To conduct this field sobriety test, the police officer is supposed to check your eyes to see if your pupils are the same size and to see if your eye is able to track an object as it is being moved from side to side at eye level. The police officer will then hold his finger or a pen about 12 inches from your face at eye level and move it back and forth, parallel to the ground in front of you. The police officer is looking for three things:

The lack of smooth pursuit;
The onset of nystagmus; and
Distinct nystagmus at maximum deviation.

Each of the above is counted as one point in the test, and the police officer grades each eye during the test, so there is a possibility of six points for grading your impairment. You fail the test if you accumulate four or more points.

The Result of the Test

It’s possible that the results of this test can be excluded from evidence when it’s proven that the test was not conducted according to the accepted standards. The argument is generally that the test is not reliable because the test was not properly performed. You could have a health condition, such as a lazy eye or astigmatism that could provide inaccurate results.
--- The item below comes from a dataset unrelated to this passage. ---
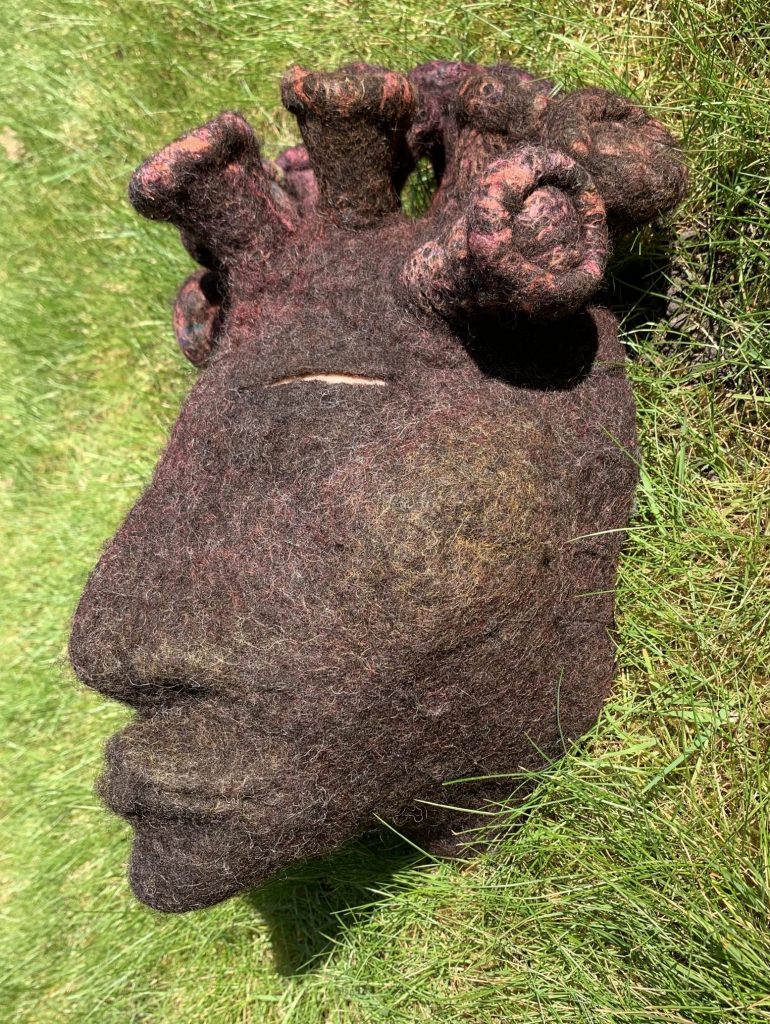 Those who know me, know my favourite felt practice is sculpted, 3 dimensional wet-felting. It seemed like a natural step to translate the self portrait into a series of 3D faces.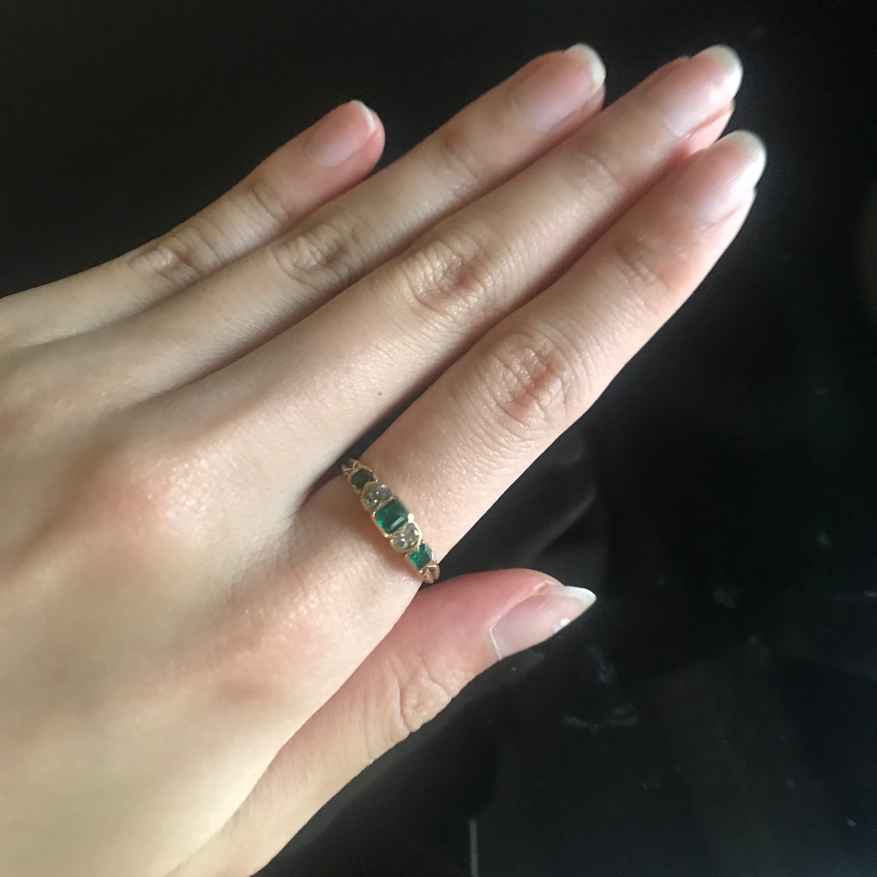 小さいながらもヴィクトリアンジュエリーの王道を行く、センチメンタルな思いを秘めたセッティングやクローズトセットされたた控えめな石の使い方。小粒ながら美しい色の宝石の輝きには本当にアンティークリングらしい魅力が溢れています。

Also, it would have to be shown that the officer properly pulled you over, to begin with, known as probable cause. A police officer cannot just pull you over because he “thinks” you’re driving while under the influence — he needs to have seen you commit another infraction, such as running a red light or speeding in order to pull you over. From there, if the police office suspects you are intoxicated, he can then start his investigation into determining whether or not to arrest you.

If you’ve been arrested for DUI, it’s best to retain the professional services of a DUI attorney. Your attorney will look over all the evidence including field sobriety tests, to determine if all were conducted legally. Your attorney will also determine if there was probable cause to pull you over to begin with. While each case and situation are different, consulting with a DUI attorney is your best chances for a successful outcome.